* _SOURCE INFORMATION_:
--------------------------------------------------

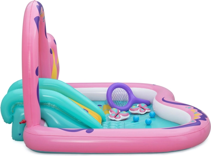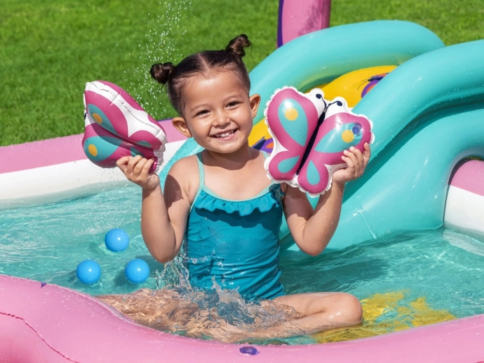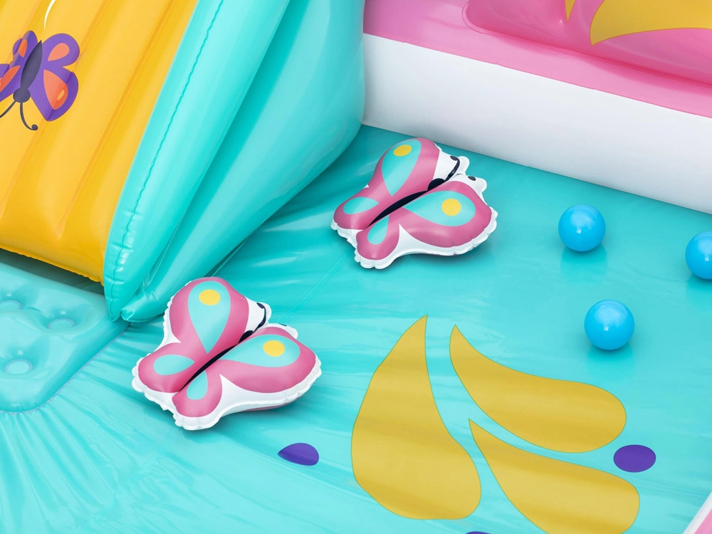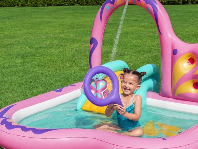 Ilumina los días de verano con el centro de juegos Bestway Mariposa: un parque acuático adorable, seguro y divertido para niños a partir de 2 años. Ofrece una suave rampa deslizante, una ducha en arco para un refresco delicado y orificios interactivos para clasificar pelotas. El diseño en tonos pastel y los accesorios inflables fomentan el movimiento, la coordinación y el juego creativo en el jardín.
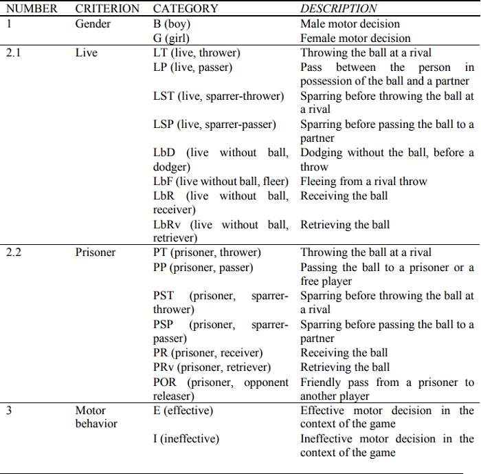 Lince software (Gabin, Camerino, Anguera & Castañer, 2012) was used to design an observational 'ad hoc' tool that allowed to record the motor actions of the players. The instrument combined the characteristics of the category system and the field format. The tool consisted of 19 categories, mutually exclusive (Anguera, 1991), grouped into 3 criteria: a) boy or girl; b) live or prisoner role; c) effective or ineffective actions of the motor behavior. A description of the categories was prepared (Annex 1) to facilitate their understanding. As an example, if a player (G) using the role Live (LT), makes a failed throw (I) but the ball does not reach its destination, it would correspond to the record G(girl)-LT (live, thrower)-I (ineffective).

--------------------------------------------------

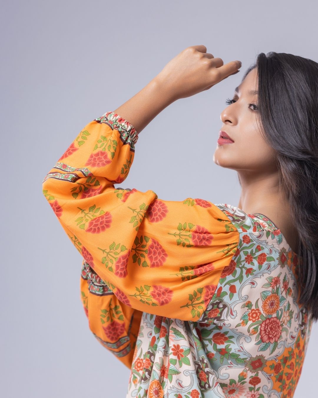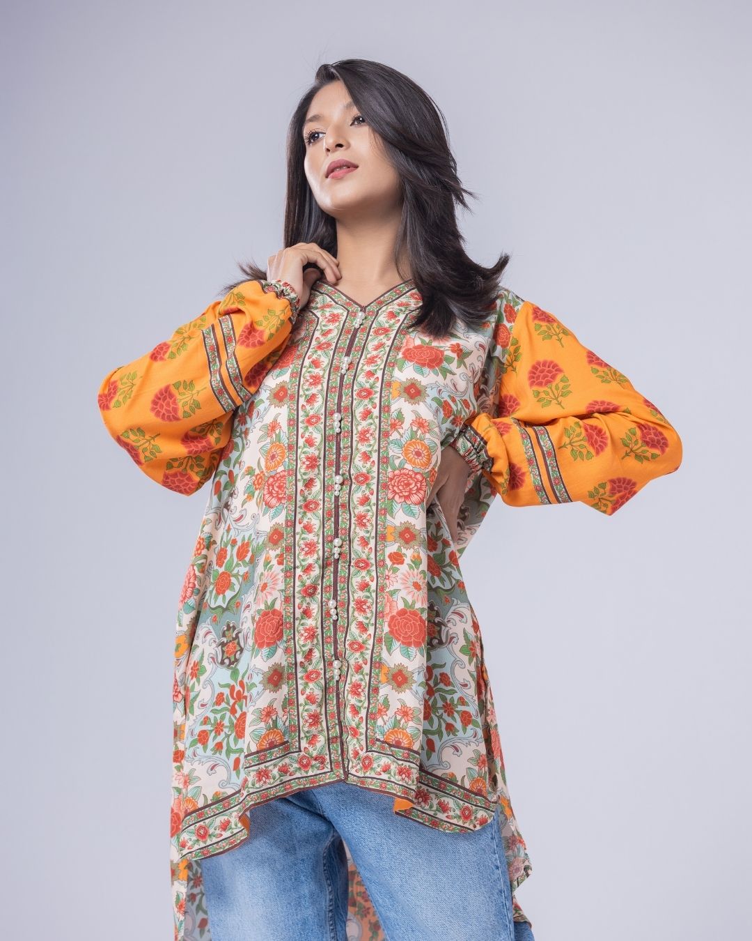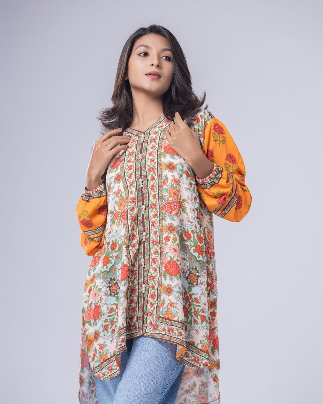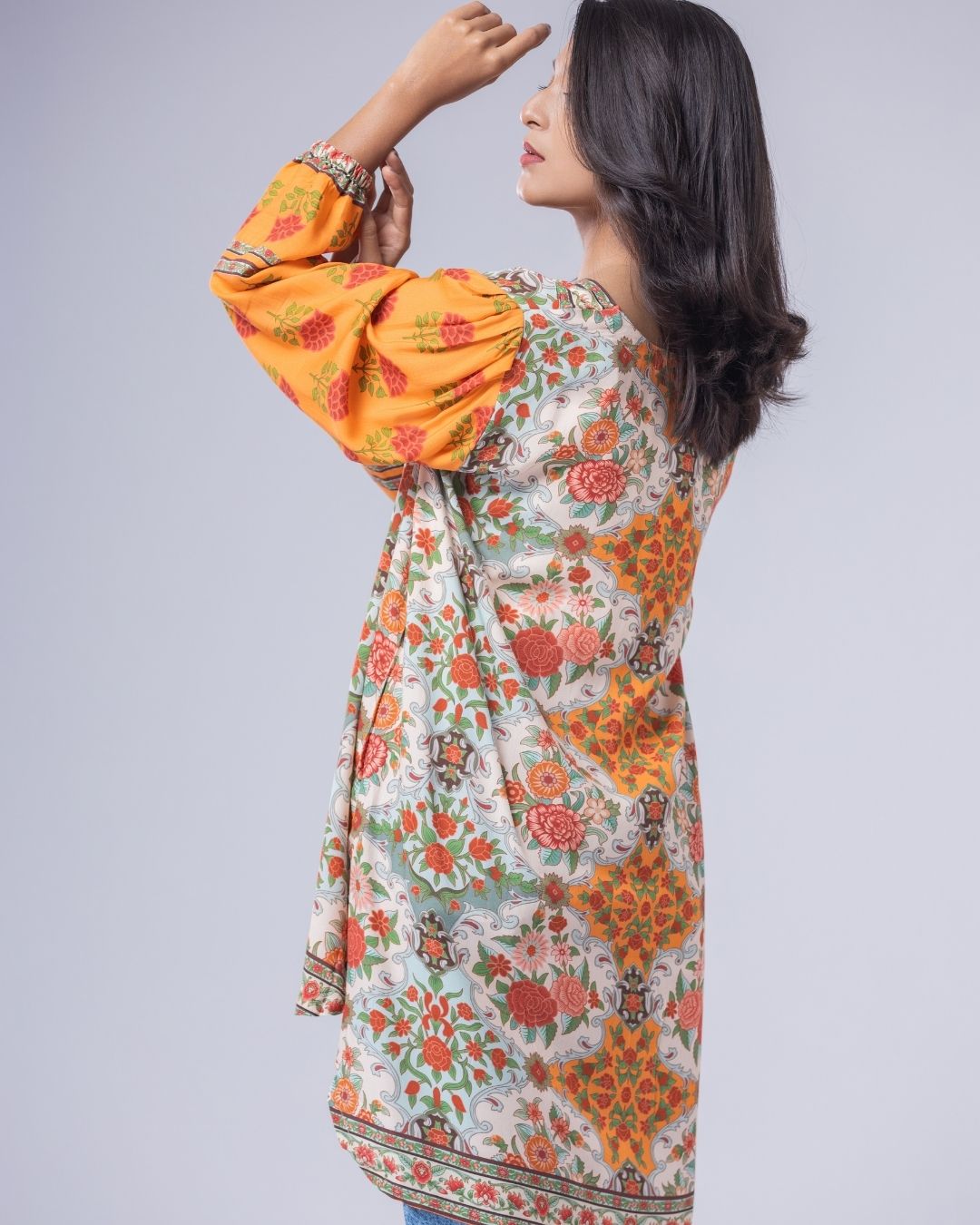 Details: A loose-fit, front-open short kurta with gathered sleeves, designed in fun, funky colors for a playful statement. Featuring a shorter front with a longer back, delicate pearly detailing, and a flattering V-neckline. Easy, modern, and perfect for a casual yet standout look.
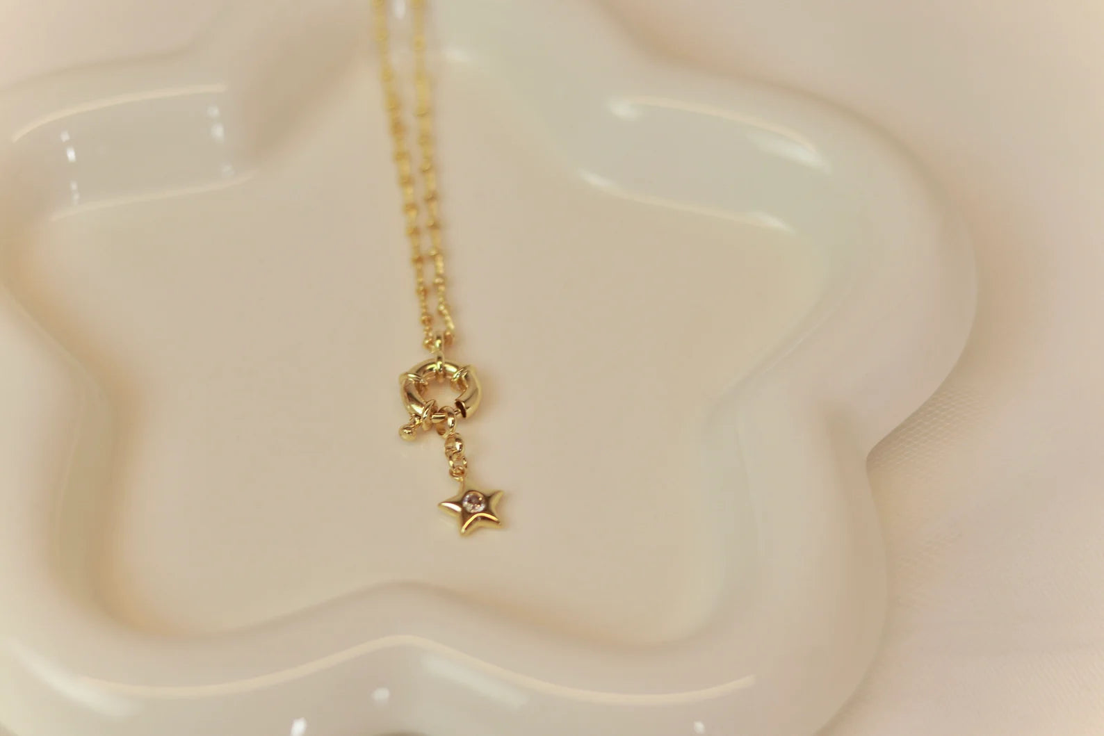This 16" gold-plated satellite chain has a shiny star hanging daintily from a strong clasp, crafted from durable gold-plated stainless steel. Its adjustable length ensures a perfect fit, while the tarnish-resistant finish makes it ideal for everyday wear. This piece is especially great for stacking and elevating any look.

--------------------------------------------------

Set down exactly the lines above, from the line containing "Details: A loose-fit, front-open" through the line containing "elevating any look.". Skip the pictures.

* _SOLUTION TO THE EXERCISE_:
 Details: A loose-fit, front-open short kurta with gathered sleeves, designed in fun, funky colors for a playful statement. Featuring a shorter front with a longer back, delicate pearly detailing, and a flattering V-neckline. Easy, modern, and perfect for a casual yet standout look.
This 16" gold-plated satellite chain has a shiny star hanging daintily from a strong clasp, crafted from durable gold-plated stainless steel. Its adjustable length ensures a perfect fit, while the tarnish-resistant finish makes it ideal for everyday wear. This piece is especially great for stacking and elevating any look.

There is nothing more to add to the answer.